Friday, December 28, 2012

Time is relative ...until it's not...



The Greek language denotes two distinct principles of time, Chronos (not the Klingon home world) and Kairos. The former refers to numeric, or chronological, time. The latter, literally "the right or opportune moment", relates specifically to metaphysical or divine time. In theology, Kairos is qualitative, as opposed to quantitative.  Qualitative denotes events or things that can be seen but not measured, a color or a feeling, the level of beauty seen by one’s eyes (the beauty is in the eyes of the beholder), smells, tastes, while Quantatative events can be measured, enumerated and duplicated.
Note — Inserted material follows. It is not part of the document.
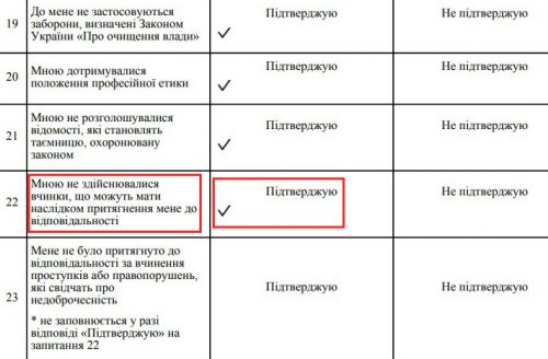 В пункте 22 декларации добродетели кандидат Виктор Матвийчук подтвердил, что он не совершал поступки, которые имели следствие привлечение к ответственности. Однако в 2016 году его вместе с женой оштрафовал полицейский на 255 грн за пересечение двойной сплошной полосы. В итоге Виктор Владимирович отменил протокол в суде.

The measurement of time and how time is used can be both Chronos and Kairos with both having a substantive effect on how we view and manage time.  “A watched pot never boils” giving us an indication that time is subjective to mental stress and anticipation.  Einstein’s relativity suggests that time and space should be considered together and in relation to each other.  Watching a clock makes time move less rapidly, but we all know that Chronos time is not subject to interpretation, a minute is a minute but the mind can and often does modify our perception of time giving us the opinion of differences in time allocations, “time passes quickly when you’re having fun”; maybe it really does?

As time is counted in days and weeks, months and years many try to salvage time lost by creating promises to better themselves.  These goals, these resolutions attempt to alter our past perceptions and mistakes by altering our hopes for the future.  Losing weight is one of the most common New Year’s resolutions and the one most failed.  The time lost during the past year overeating, not exercising, indulging in unhealthful activities falls within the category of Kairos time, it’s all subjective but ooh so real to those who have wasted the given opportunities that time allowed.
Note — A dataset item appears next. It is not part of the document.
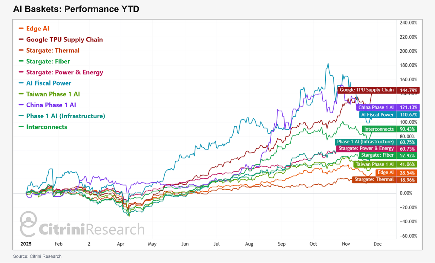 Across the various AI categories we track with our baskets, these direct TPU suppliers have been the best performing group YTD with the majority of that outperformance beginning around August:

Most look forward to the New Year as a new beginning, a time to start over, remove bad habits and improve our lives.  We set goals and with a fervor and passion step heavily onto the treadmills of life pushing hard against the ingrained weights and deviations of our own desires, trying with all our might to forestall the bad with the new found idea of good, knowing that time is our enemy, our nemesis. Most will fall, crawling on bended knee, asking forgiveness for even trying, inclined to admit our failures but realizing our mistake was in thinking we could control time and overcome what we had become.

Time however is not the problem; time is not our enemy.  Time is only a level of measurement, a method of gauging one moment from the next, of discerning one event from another.  Time is a gift.  In conjunction with our conscience time allows everyone the ability to restart, rebuild, redo or undo what was done, rethink what was thought, change, completely change who and what we are into what we think we want to be.  Time gives to us the perception that all is possible and that even though time was wasted in the past it is a forever potential, an eternal continuum of never ending possibilities.

Each New Year we look inward at what we’ve become and gauge our development against the societal measures that define acceptability and success and rethink our path, reload our expectation and revise our Kairos within the preset Chronos in order to achieve the impossible.

Knowing how to use time is perhaps the most difficult of all processes.  With a perceived abundance of time, an abundance that dwindles as our life’s time is reduced by age or circumstance, leading us to make drastic choices based on unrealistic demands on our own vision of what we wished would be.  Like a losing gambler at a high stakes game we double down, taking unnecessary risks to overcome the self-induced deficits imposed by a life time of regret.  Resolutions very rarely succeed when desperate efforts supersede time proven methods of change.  

The beauty of time is that it’s never too late to change.  We may not have enough time to complete the transformation from Ogre to Prince but we do have the time to start.  We always have the time to take the right step, change direction and move in the right direction.  Time allows us the opportunity to alter our destiny and our perception of any given period, but with that opportunity comes the responsibility to continue the process.

You will never be given the same time again, once time is used it’s gone but time continues to give each of us an unlimited array of possibilities.  Choose wisely the choices given by time and each and every choice will result in a daily chance for continuous change, change is good but “time is of the essence”.